Activity:
Only the pictures should be left out; repeat the rest of the data exactly.
[Opening Data for review section]
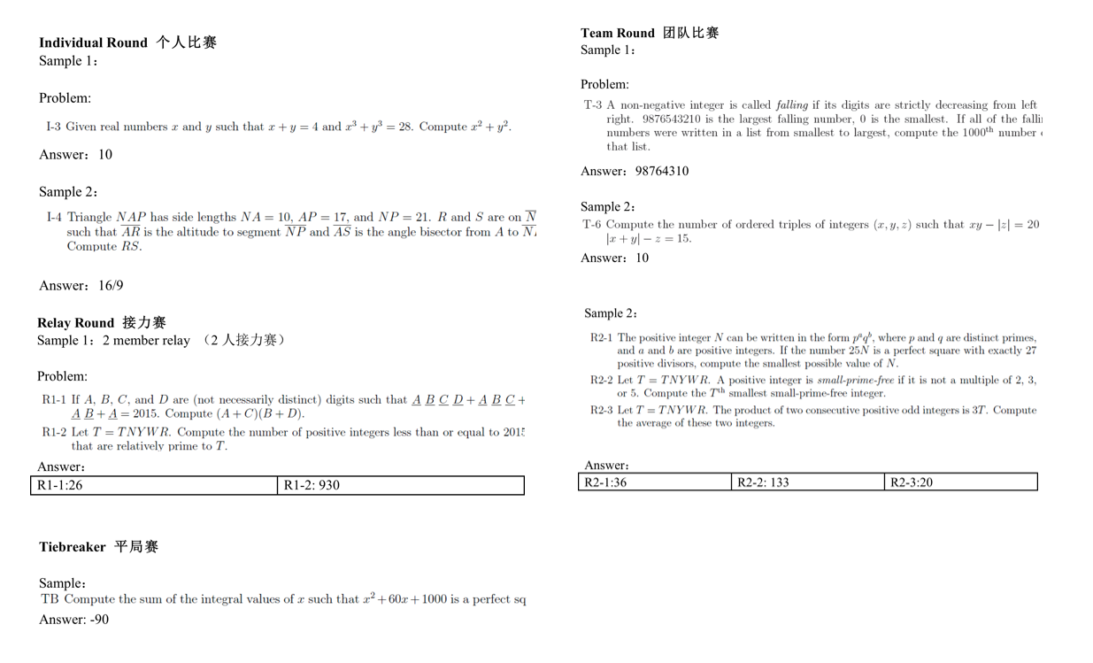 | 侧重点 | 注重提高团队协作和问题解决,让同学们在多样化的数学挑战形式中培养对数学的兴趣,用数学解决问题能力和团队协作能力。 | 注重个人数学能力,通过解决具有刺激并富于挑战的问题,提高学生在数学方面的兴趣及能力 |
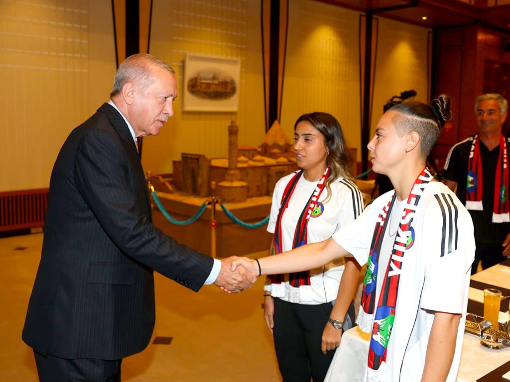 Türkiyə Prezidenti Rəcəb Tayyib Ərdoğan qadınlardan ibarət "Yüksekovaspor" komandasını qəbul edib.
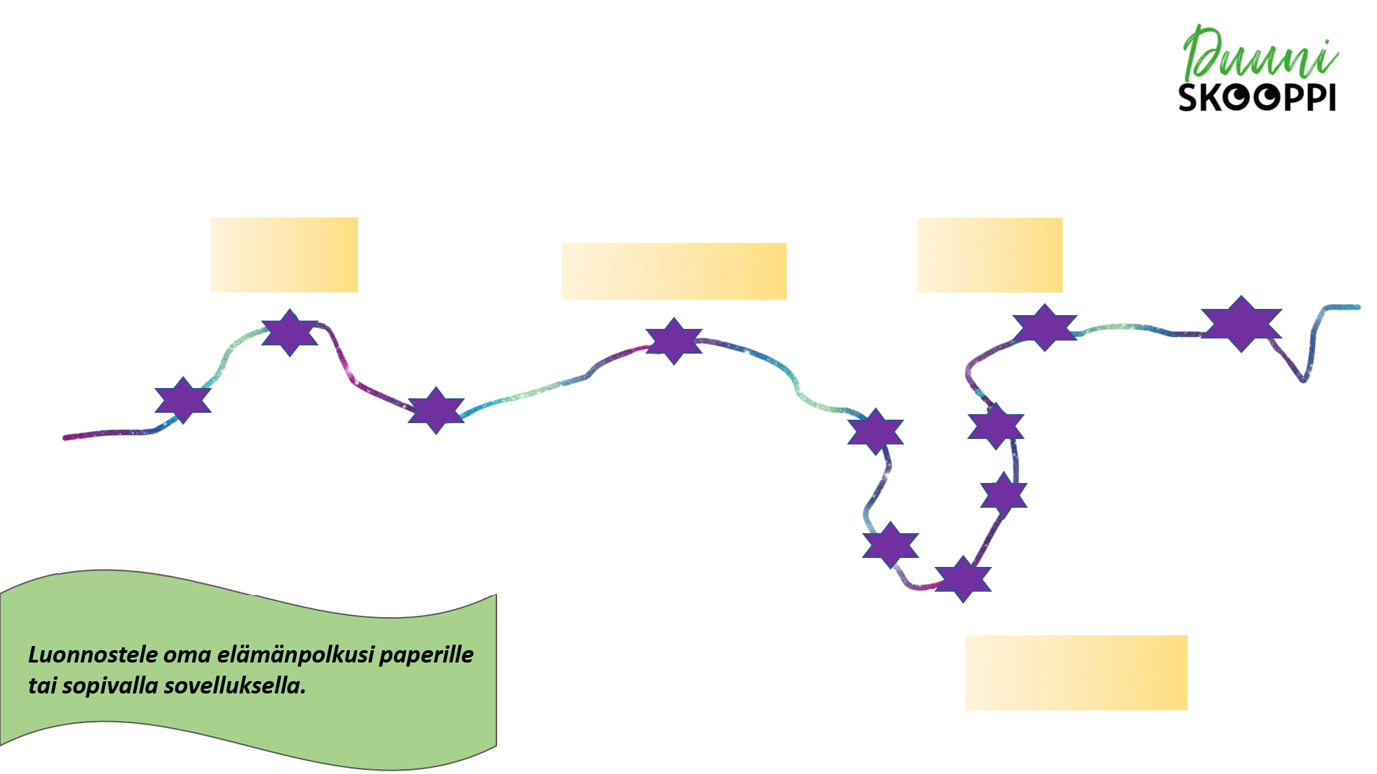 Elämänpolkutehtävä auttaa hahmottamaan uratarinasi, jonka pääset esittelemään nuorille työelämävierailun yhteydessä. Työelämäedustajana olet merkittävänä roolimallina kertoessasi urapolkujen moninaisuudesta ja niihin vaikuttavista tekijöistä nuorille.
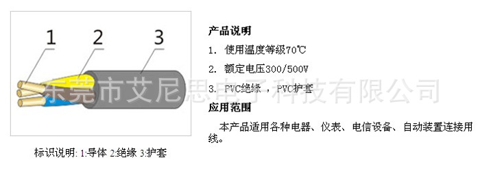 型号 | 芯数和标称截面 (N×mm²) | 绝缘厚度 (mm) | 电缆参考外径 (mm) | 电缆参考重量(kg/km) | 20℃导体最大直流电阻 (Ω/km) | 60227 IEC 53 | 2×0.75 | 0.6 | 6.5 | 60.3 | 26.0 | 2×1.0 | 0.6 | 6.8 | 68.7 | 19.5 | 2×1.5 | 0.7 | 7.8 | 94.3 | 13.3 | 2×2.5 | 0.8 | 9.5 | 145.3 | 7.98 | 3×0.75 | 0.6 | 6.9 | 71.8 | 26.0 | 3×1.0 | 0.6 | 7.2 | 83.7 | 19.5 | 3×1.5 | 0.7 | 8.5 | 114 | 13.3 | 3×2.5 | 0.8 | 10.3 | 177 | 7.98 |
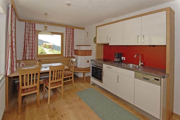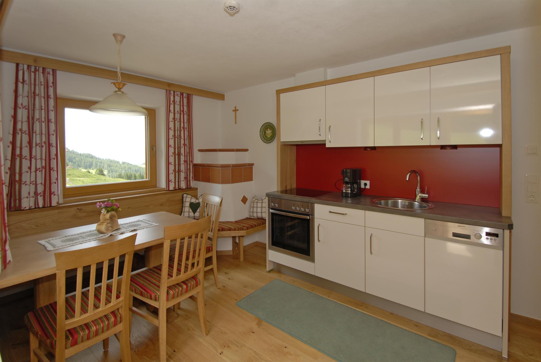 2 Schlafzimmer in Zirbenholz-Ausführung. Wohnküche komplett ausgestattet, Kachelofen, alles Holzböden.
[Closing Data for review section]
Response for this exercise:
 | 侧重点 | 注重提高团队协作和问题解决,让同学们在多样化的数学挑战形式中培养对数学的兴趣,用数学解决问题能力和团队协作能力。 | 注重个人数学能力,通过解决具有刺激并富于挑战的问题,提高学生在数学方面的兴趣及能力 |
 Türkiyə Prezidenti Rəcəb Tayyib Ərdoğan qadınlardan ibarət "Yüksekovaspor" komandasını qəbul edib.
 Elämänpolkutehtävä auttaa hahmottamaan uratarinasi, jonka pääset esittelemään nuorille työelämävierailun yhteydessä. Työelämäedustajana olet merkittävänä roolimallina kertoessasi urapolkujen moninaisuudesta ja niihin vaikuttavista tekijöistä nuorille.
 型号 | 芯数和标称截面 (N×mm²) | 绝缘厚度 (mm) | 电缆参考外径 (mm) | 电缆参考重量(kg/km) | 20℃导体最大直流电阻 (Ω/km) | 60227 IEC 53 | 2×0.75 | 0.6 | 6.5 | 60.3 | 26.0 | 2×1.0 | 0.6 | 6.8 | 68.7 | 19.5 | 2×1.5 | 0.7 | 7.8 | 94.3 | 13.3 | 2×2.5 | 0.8 | 9.5 | 145.3 | 7.98 | 3×0.75 | 0.6 | 6.9 | 71.8 | 26.0 | 3×1.0 | 0.6 | 7.2 | 83.7 | 19.5 | 3×1.5 | 0.7 | 8.5 | 114 | 13.3 | 3×2.5 | 0.8 | 10.3 | 177 | 7.98 |
 2 Schlafzimmer in Zirbenholz-Ausführung. Wohnküche komplett ausgestattet, Kachelofen, alles Holzböden.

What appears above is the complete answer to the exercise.